在该模型中,对数据集进行主题挖掘情感分析主要分为两步:用户社区发现,文档主题提取和情感预测。In this model, topic mining sentiment analysis on the dataset is mainly divided into two steps: user community discovery, document topic extraction and sentiment prediction.
首先是用户社区发现,将用户特征融入主题模型,进而约束主题形成的过程是本文的创新点之一。原因是:首先,在现实生活中,面对同一个主题,处于不同情况或者不同环境的人们往往会产生不同的情感。例如,对于同样的一个新闻事件,不同薪资阶层、不同地域、不同年龄的人们往往会抱有不一样的看法。而相似的人群,他们讨论的主题方面可能较为相似,其情感反馈也较为相近。其次,因此,本文提出数据集中的用户集合实际由隐变量不同的社区组成的观点,而每个社区均通过其高频出现的不同特征来表征。用户所属社区总数C为预定参数,这样便可以对用户进行不同粒度级别的划分。The first is the discovery of the user community. It is one of the innovations of this paper to incorporate user characteristics into the topic model and then constrain the process of topic formation. The reasons are: First, in real life, people in different situations or environments tend to have different emotions when faced with the same subject. For example, for the same news event, people from different salary classes, different regions, and different ages often have different opinions. Similar groups of people may discuss similar topics and have similar emotional feedback. Second, therefore, this paper proposes the idea that the set of users in the dataset is actually composed of communities with different latent variables, and each community is characterized by its different characteristics that appear frequently. The total number C of communities to which users belong is a predetermined parameter, so that users can be divided into different levels of granularity.
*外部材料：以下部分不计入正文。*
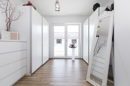 Im Obergeschoss können Sie drei Zimmer nach Ihren Wünschen und Bedürfnissen nutzen: Ob als Schlaf-, Kinder-, Arbeits- oder Ankleidezimmer - Ihrer Phantasie sind keine Grenzen gesetzt. Zusammen mit dem hochwertig ausgestattetem Bad ein durchdachtes Wohnkonzept.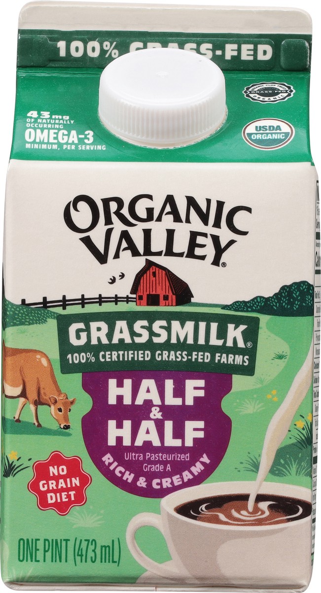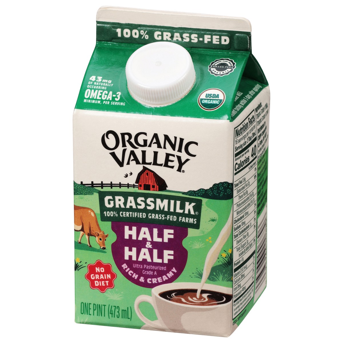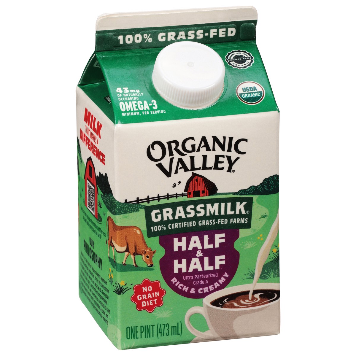 Organic Valley Grassmilk Organic Half & Half blends organic milk and cream from pasture-raised cows, on 100% grass fed certified farms to deliver a rich, velvety texture and naturally creamy taste. Of…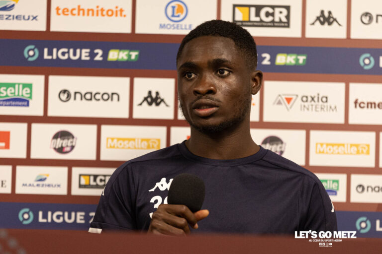 504 Après la victoire en amical face au SV Elversberg, Koffi Kouao s’est présenté face à la presse. L’occasion pour lui de revenir sur ce match et cette victoire à l’arrachée. Le latéral messin en a également profité pour évoquer les bienfaits du stage en Espagne, et dresser un état des lieux des troupes avant la reprise. Dans un premier temps, Kofffi Kouao s’est exprimé sur cette victoire difficile face à Elversberg lors du dernier match de préparation. S’il est conscient des difficultés de ce groupe, l’ivoirien s’est toutefois montré satisfait du travail réalisé. « Je pense que l’on a bien entamé la rencontre, mais que l’on n’a pas su finir les actions. », regrette le latéral droit messin. « Il fallait gagner de la confiance pour le match de reprise face à Niort. Ça a été dur, mais on a fini par gagner. », rassure Koffi Kouao. « C’était un match qui servait de préparation, mais il fallait aussi gagner pour se mettre dans les meilleures dispositions pour la réception de Niort lundi. » glisse le défenseur messin, conscient de l’enjeu de ce match. « Il reste encore beaucoup de choses à corriger évidemment, mais je pense que nous avons fait une bonne préparation. », se réjouit Kouao après une rencontre compliquée, mais au dénouement victorieux. « Physiquement dans un premier temps, puis avec le ballon, notamment cette semaine. Je pense que l’on sera prêts pour lundi. » Le joueur du club à la Croix de Lorraine a également reconnu l’impact du discours du coach à la mi-temps. « Le coach nous a dit a la mi-temps de mettre beaucoup d’impacts. Je pense que cela s’est vu en deuxième mi-temps. Ça a été la clé de la remontée. Les équipes allemandes jouent avec beaucoup de physique, et c’est ce qui nous a mis à mal en première mi-temps, et qu’on a réussi à corriger. » Koffi Kouao, arrivé en août, s’est progressivement fait sa place au sein du club à la croix de Lorraine. Koffi Kouao : « Après le match contre Guingamp, le groupe a beaucoup souffert » Après trois défaites en autant de matchs de préparation, les grenats se devaient de rebondir face à une solide équipe allemande. Cependant, Koffi Kouao ne semblait pas s’inquiéter de ces résultats pour autant. « Pendant ce stage, on était surtout sur un travail athlétique et les jambes étaient un peu dans le dur. Pour nous, c’était une semaine physique, contrairement aux deux autres équipes qui n’étaient pas au même stade de la préparation que nous. Ça n’a pas eu d’impact sur la confiance. On a fait des bons matchs malgré tout. Maintenant, il faut qu’on arrive à ne plus prendre autant de buts. On va essayer de corriger cela au mieux possible dès lundi » Par ailleurs, le natif d’Abidjan en a profité pour reconnaître les bienfaits de ce stage à Benidorm, en Espagne. « On a bien bossé en Espagne, c’était dur, mais c’était le but de ce stage. Ça se voit chez ceux qui ont fait plus de 45 minutes aujourd’hui. Mais c’était bien, ça a renforcé notre esprit d’équipe et insufflé un côté familial à tout cela. Après le match contre Guingamp, le match a beaucoup souffert. Et cette notion de famille nous a permis de remonter la pente. Le stage en Espagne a renforcé cela, nous a tous fait nous remettre en question. On s’est aussi tous remis au travail, de manière sérieuse et familiale. Désormais, il faut que ça continue. » Koffi Kouao lors du match contre l’AS Saint-Étienne. Enfin, le Messin a dressé l’état des lieux des ambitions des grenats à la reprise. À commencer par la réception de Niort à venir dès lundi. « On avait hâte après cette longue trêve. On s’est bien préparé pour, j’espère que l’on sera tous au rendez-vous et que l’on va continuer la série entamée avant la trêve. En tout cas, on fera tout pour. Il va falloir garder cette humilité en ayant toujours en tête que rien n’est fait, que l’on revient de loin, et que tout peut basculer à tout moment. Si l’on continue sur cette lancée et en se sacrifiant chacun pour l’équipe, je suis convaincu que l’on va pouvoir aller chercher de belles choses. » Crédit photo : Julien Buret et Lilian Bordron / Let’s Go Metz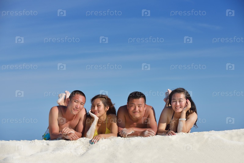 Группа счастливых молодых людей веселится на пляже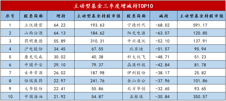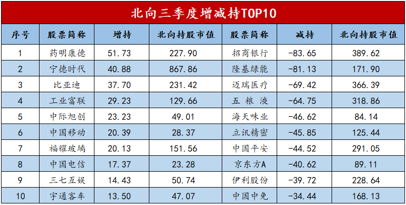 行业的增减持都是机构用真金白银做出的选择,整体的感觉是机构在兑现前面涨幅较多的板块,比如上半年涨幅较多的TMT方向,逆势布局相对低位的价值和赛道方向。下图是机构三季度增减持TOP10,从中也可以看到一些端倪。

其次是主题挖掘与情感分析部分。当对用户进行社区聚集之后,针对每一个社区,MTSM对社区内的用户文章进行主题提取以及情感预测。假设每一个社区中,用户的文章均满足一个主题概率分布,同时不同的主题有不同的时间概率分布。在MTSM中,用户生成一篇文档的过程则是根据所属社区的主题概率分布和时间概率分布,用户以一定的概率选择某个主题,然后根据该主题的情感概率分布以一定概率选择某种偏向的情感,最后,根据特定主题以及特定情感,以一定概率选择选择某个单词填入文档。这个步骤循环至文档完成。由上可见,在MTSM模型中,一篇文档的生成不仅仅受到其主题的影响,还受到所属社区、时间,以及情感偏向的作用。各个维度信息通过这种方式的集合,不仅仅能够得到某一社区内的主题分布情况,还能同时观察得到该主题下的情感分布,该主题的时间分布,以及特定主题特定情感的单词分布。The second part is topic mining and sentiment analysis. After gathering users in the community, for each community, MTSM performs topic extraction and sentiment prediction on user articles in the community. It is assumed that in each community, the user's articles satisfy a topic probability distribution, and different topics have different time probability distributions. In MTSM, the process for a user to generate a document is to select a topic with a certain probability according to the topic probability distribution and time probability distribution of the community to which he belongs, and then select a certain bias with a certain probability according to the emotional probability distribution of the topic Finally, according to a specific topic and a specific emotion, a certain word is selected to fill in the document with a certain probability. This step loops until the document is complete. It can be seen from the above that in the MTSM model, the generation of a document is not only affected by its subject, but also by its community, time, and emotional bias. The collection of various dimensions information in this way can not only obtain the distribution of topics in a certain community, but also observe the distribution of emotions under the topic, the time distribution of the topic, and the word distribution of specific emotions in a specific topic.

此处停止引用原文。